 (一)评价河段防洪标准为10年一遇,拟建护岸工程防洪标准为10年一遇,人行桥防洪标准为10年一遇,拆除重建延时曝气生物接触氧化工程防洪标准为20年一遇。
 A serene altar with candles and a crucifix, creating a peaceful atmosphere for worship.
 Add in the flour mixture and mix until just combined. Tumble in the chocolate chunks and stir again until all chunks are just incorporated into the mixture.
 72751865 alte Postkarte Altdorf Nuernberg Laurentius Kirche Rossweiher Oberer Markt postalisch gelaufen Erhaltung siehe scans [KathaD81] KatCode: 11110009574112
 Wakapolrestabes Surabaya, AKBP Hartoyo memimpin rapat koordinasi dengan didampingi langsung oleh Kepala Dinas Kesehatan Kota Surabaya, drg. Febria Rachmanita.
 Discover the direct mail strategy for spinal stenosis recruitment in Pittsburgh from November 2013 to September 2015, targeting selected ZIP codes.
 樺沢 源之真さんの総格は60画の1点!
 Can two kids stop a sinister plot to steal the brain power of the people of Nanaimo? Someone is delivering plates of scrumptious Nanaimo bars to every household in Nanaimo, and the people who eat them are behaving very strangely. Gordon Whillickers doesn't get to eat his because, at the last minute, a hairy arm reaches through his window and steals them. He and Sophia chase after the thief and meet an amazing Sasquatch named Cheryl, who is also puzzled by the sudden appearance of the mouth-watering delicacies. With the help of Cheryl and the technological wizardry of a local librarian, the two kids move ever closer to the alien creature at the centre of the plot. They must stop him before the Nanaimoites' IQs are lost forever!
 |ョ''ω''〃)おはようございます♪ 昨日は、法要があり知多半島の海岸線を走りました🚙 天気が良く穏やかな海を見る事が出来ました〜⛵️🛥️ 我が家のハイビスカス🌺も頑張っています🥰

**********

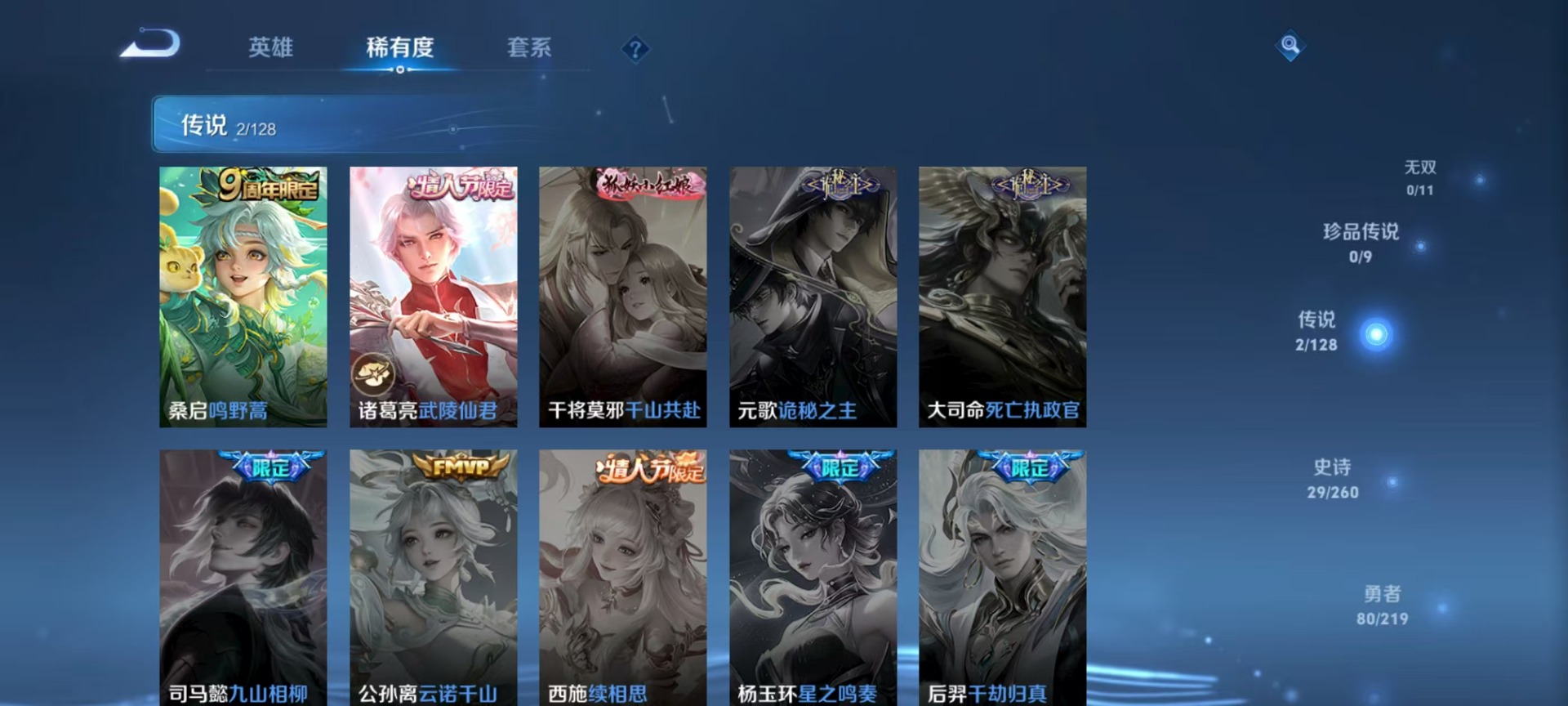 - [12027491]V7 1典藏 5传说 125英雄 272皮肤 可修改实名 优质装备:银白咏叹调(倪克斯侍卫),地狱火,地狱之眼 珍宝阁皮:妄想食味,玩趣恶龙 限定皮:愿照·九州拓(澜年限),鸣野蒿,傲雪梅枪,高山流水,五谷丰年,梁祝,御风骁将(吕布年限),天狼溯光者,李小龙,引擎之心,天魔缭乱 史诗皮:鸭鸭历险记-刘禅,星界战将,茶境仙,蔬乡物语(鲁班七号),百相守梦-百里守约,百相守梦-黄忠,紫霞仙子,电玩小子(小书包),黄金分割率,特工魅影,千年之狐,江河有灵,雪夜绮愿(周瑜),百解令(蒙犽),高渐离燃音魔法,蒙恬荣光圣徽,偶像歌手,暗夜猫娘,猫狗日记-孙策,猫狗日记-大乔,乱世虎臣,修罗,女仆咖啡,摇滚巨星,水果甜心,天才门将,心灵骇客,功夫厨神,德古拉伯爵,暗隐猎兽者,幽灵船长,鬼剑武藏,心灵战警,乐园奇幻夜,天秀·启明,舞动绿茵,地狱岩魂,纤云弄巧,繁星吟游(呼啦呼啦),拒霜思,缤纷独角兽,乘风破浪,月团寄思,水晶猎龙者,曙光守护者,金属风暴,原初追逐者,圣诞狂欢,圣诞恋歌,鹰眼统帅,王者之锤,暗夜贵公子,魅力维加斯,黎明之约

**********

• [Work instructions]
Everything from the line with "72751865 alte Postkarte" through the line with "Discover the direct" in the listing above must be retyped exactly, with nothing added.

• [Answer box]
 72751865 alte Postkarte Altdorf Nuernberg Laurentius Kirche Rossweiher Oberer Markt postalisch gelaufen Erhaltung siehe scans [KathaD81] KatCode: 11110009574112
 Wakapolrestabes Surabaya, AKBP Hartoyo memimpin rapat koordinasi dengan didampingi langsung oleh Kepala Dinas Kesehatan Kota Surabaya, drg. Febria Rachmanita.
 Discover the direct mail strategy for spinal stenosis recruitment in Pittsburgh from November 2013 to September 2015, targeting selected ZIP codes.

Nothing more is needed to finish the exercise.